Fakta Penting Tentang Film Dirty Vote yang Menghebohkan Netizen Jelang Pemilu 2024
Di tengah masa tenang menjelang Pemilu 2024, gemparlah netizen Indonesia oleh munculnya sebuah film dokumenter yang menohok, berjudul “Dirty Vote.” Disutradarai oleh Dandhy Dwi Laksono, seorang mantan jurnalis yang dikenal karena liputannya yang tajam dan investigatif, film ini menjadi sorotan utama di berbagai media sosial dan platform online sejak dirilis pada Minggu (11/2/2024).

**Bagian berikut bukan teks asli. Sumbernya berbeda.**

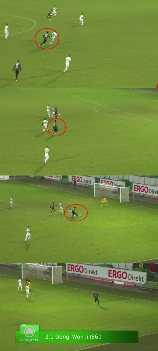 이날 아우크스부르크는 전반 27분 뢰커 베네딕트에게 선제골을 허용했지만, 후반 4분 프란시스코 카이우비의 동점헤딩골에 지동원의 역전골까지 터지며 승부를 뒤집었다.
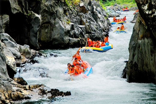 游客在資源縣五排河峽谷漂流。沈桂春/攝

Fakta Penting Mengenai Film Dirty Vote
-
Sutradara Berpengalaman:
Dandhy Dwi Laksono, sutradara film ini, telah menghasilkan beberapa film dokumenter yang menggugah sebelumnya, seperti “Ketujuh” (2014), “Jakarta Unfair” (2017), dan “Sexy Killers” (2019). Dirty Vote adalah karya terbarunya yang mengangkat isu krusial terkait Pemilu 2024.
-
Kontribusi Para Pakar Hukum:
Tiga pakar hukum tata negara, yaitu Zainal Arifin Mochtar, Bivitri Susanti, dan Feri Amsari, turut berkontribusi dalam film ini. Mereka mengurai berbagai instrumen kekuasaan yang digunakan untuk memenangkan pemilu dan merusak demokrasi, melalui analisis hukum yang mendalam.
-
Trending di Media Sosial:
Film Dirty Vote menjadi trending topik di berbagai platform media sosial, seperti Twitter, dengan lebih dari 450 ribu unggahan yang membicarakannya. Banyak tokoh publik dan influencer yang ikut mengomentari film ini, menciptakan kehebohan yang besar di ranah maya.
-
Reaksi dari Pihak Terkait:
Tim Kampanye Nasional (TKN) dari pasangan Prabowo-Gibran merespons film ini dengan menggelar jumpa pers. Mereka menilai bahwa sebagian besar isi film adalah fitnah dan tidak argumentatif. Namun, hal ini justru memicu perdebatan lebih lanjut di tengah masyarakat.+
-
Isi dan Konten Film:
Dalam durasi hampir dua jam, film ini membongkar berbagai desain kecurangan yang diduga terjadi dalam Pemilu 2024. Mulai dari ketidaknetralan pejabat publik, penggunaan infrastruktur kekuasaan, hingga pelanggaran etik di lembaga-lembaga negara.
-
Kolaborasi yang Luas:
Berbagai lembaga dan organisasi, seperti Aliansi Jurnalis Independen, Greenpeace Indonesia, dan Indonesia Corruption Watch, terlibat sebagai kolaborator dalam pembuatan film ini. Mereka memiliki peran penting dalam mendukung narasi yang disampaikan oleh Dirty Vote.
-
Tersedia Online:
Film ini tersedia secara online melalui platform YouTube PSHK (Pusat Studi Hukum dan Kebijakan) Indonesia. Linknya tersebar luas di berbagai media sosial, memungkinkan masyarakat untuk mengaksesnya dengan mudah.
Kesimpulan
“Dirty Vote” bukan sekadar film dokumenter biasa, melainkan sebuah pengungkapan yang menggetarkan tentang dugaan kecurangan dalam Pemilu 2024. Dengan menggandeng pakar-pakar hukum tata negara dan melalui kolaborasi yang luas dengan berbagai lembaga, film ini memberikan sorotan yang tajam terhadap kondisi politik Indonesia saat ini. Menontonnya bukan hanya sebuah hiburan, tetapi juga sebuah panggilan untuk merenungkan dan bertindak terhadap masalah demokrasi di negeri ini.